→ **WHAT IS NEEDED**: Excluding pictures, what does the listing below contain from the line with "- Zahnfarbe: Die" up to and including the line with "39- قيل لرقبة", word for word?

→ **THE DATA**:
====================

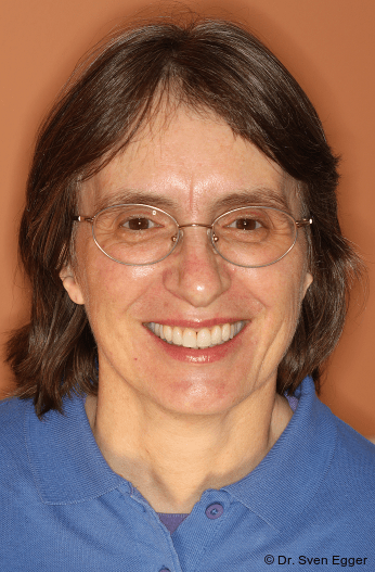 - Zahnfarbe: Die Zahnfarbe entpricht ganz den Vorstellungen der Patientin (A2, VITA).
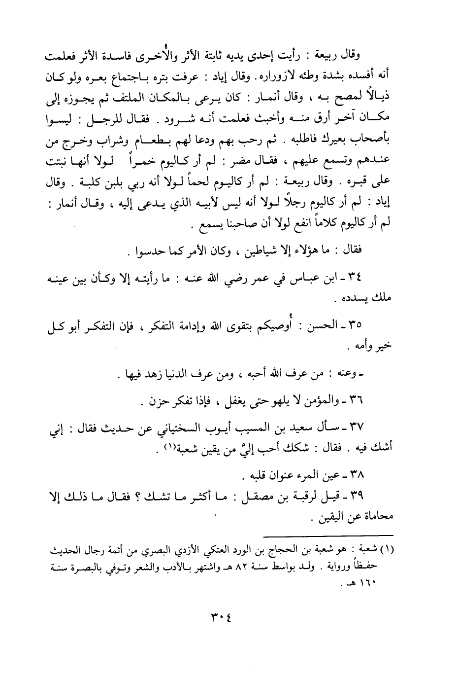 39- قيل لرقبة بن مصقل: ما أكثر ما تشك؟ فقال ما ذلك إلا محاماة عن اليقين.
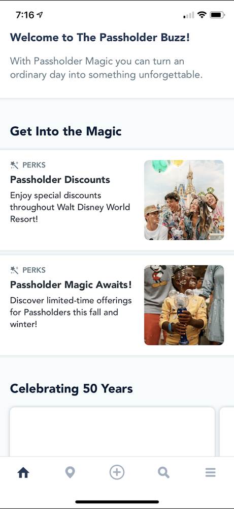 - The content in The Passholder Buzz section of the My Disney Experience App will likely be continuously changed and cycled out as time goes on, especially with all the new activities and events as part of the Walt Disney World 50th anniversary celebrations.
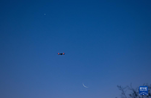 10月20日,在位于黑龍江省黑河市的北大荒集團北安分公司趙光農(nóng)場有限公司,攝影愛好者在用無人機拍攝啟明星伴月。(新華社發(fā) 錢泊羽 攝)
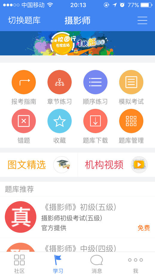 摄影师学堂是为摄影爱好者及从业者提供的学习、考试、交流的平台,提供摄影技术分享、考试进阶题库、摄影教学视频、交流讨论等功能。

====================

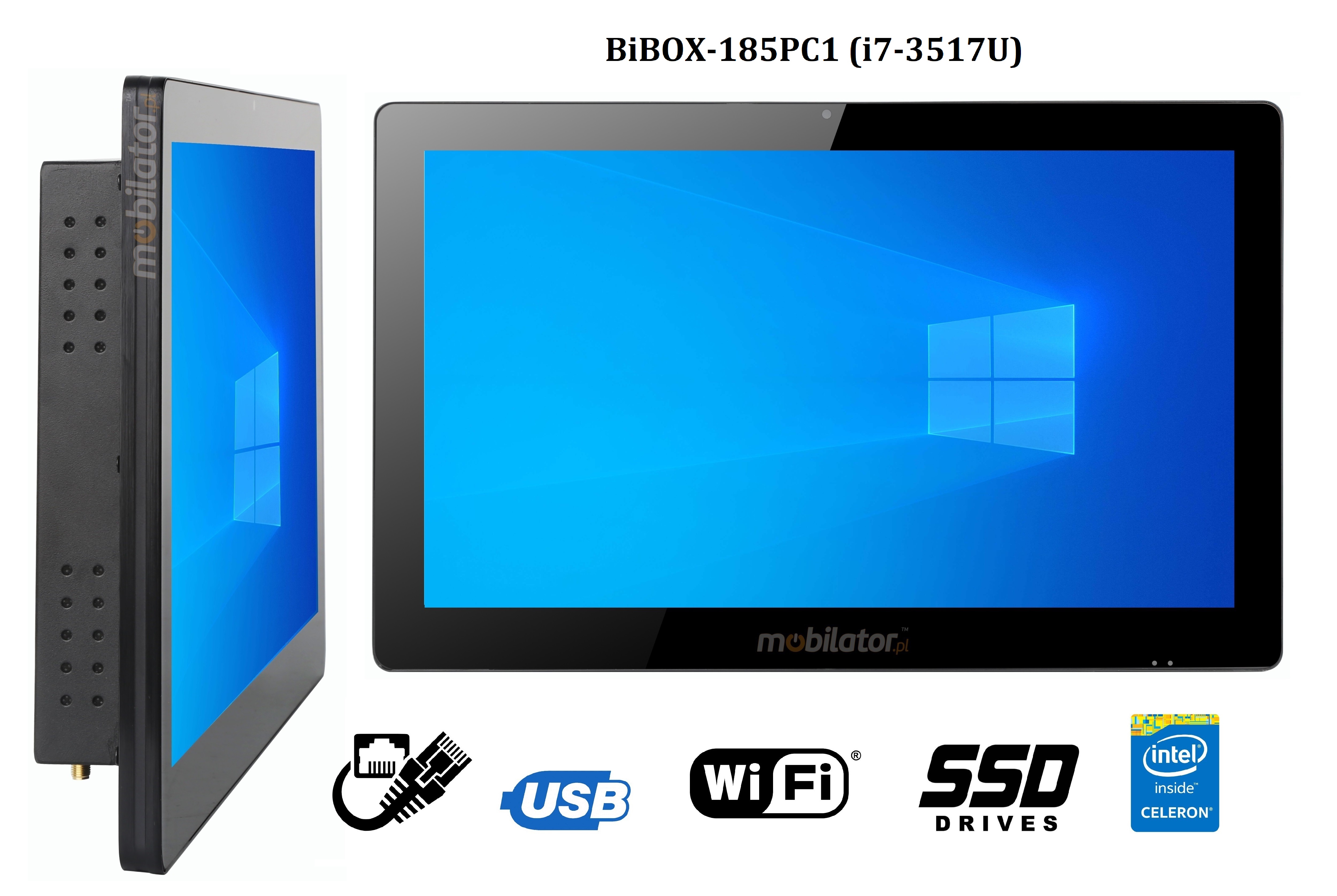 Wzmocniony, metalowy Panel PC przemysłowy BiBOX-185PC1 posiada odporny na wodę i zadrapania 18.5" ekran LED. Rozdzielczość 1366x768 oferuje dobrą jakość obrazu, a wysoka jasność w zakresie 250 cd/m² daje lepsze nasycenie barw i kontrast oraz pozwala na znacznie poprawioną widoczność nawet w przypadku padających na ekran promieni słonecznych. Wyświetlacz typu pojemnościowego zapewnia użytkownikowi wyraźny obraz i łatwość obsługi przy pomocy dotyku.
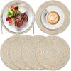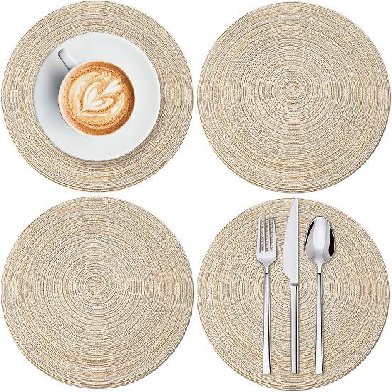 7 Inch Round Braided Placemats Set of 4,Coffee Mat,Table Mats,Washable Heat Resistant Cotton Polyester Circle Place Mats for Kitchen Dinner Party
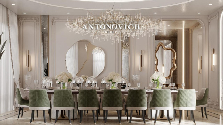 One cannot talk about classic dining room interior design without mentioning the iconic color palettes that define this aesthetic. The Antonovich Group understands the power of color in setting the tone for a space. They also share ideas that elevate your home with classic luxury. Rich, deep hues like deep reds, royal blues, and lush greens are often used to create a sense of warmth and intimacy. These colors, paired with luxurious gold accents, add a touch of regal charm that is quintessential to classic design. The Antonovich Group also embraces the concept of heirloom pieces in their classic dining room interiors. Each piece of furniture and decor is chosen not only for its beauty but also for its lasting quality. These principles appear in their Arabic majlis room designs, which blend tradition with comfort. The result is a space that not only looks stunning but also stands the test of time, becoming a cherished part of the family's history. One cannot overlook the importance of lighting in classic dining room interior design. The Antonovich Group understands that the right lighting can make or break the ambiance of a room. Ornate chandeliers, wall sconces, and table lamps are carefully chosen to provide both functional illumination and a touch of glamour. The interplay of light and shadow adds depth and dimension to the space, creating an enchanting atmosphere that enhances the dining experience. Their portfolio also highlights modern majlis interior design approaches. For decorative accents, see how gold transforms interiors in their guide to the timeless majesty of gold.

====================

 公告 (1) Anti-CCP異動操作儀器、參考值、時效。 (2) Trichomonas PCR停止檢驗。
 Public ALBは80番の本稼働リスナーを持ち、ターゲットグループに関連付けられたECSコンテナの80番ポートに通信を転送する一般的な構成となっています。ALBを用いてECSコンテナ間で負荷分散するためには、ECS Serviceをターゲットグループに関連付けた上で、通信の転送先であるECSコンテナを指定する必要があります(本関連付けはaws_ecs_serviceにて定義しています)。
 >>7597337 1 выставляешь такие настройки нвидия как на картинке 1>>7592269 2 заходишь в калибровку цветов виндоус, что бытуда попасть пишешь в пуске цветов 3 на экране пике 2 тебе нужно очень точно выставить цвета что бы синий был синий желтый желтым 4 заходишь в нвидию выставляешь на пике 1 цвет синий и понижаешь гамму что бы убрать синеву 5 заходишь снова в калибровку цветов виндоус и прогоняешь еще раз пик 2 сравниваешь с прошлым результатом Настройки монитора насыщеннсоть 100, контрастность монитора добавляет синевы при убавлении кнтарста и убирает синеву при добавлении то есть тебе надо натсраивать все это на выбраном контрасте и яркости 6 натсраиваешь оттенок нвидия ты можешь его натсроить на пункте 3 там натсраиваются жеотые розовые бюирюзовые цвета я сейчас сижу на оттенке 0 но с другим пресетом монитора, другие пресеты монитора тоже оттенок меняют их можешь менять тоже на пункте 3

====================

→ **PROBLEM SOLUTION**:
 - Zahnfarbe: Die Zahnfarbe entpricht ganz den Vorstellungen der Patientin (A2, VITA).
 39- قيل لرقبة بن مصقل: ما أكثر ما تشك؟ فقال ما ذلك إلا محاماة عن اليقين.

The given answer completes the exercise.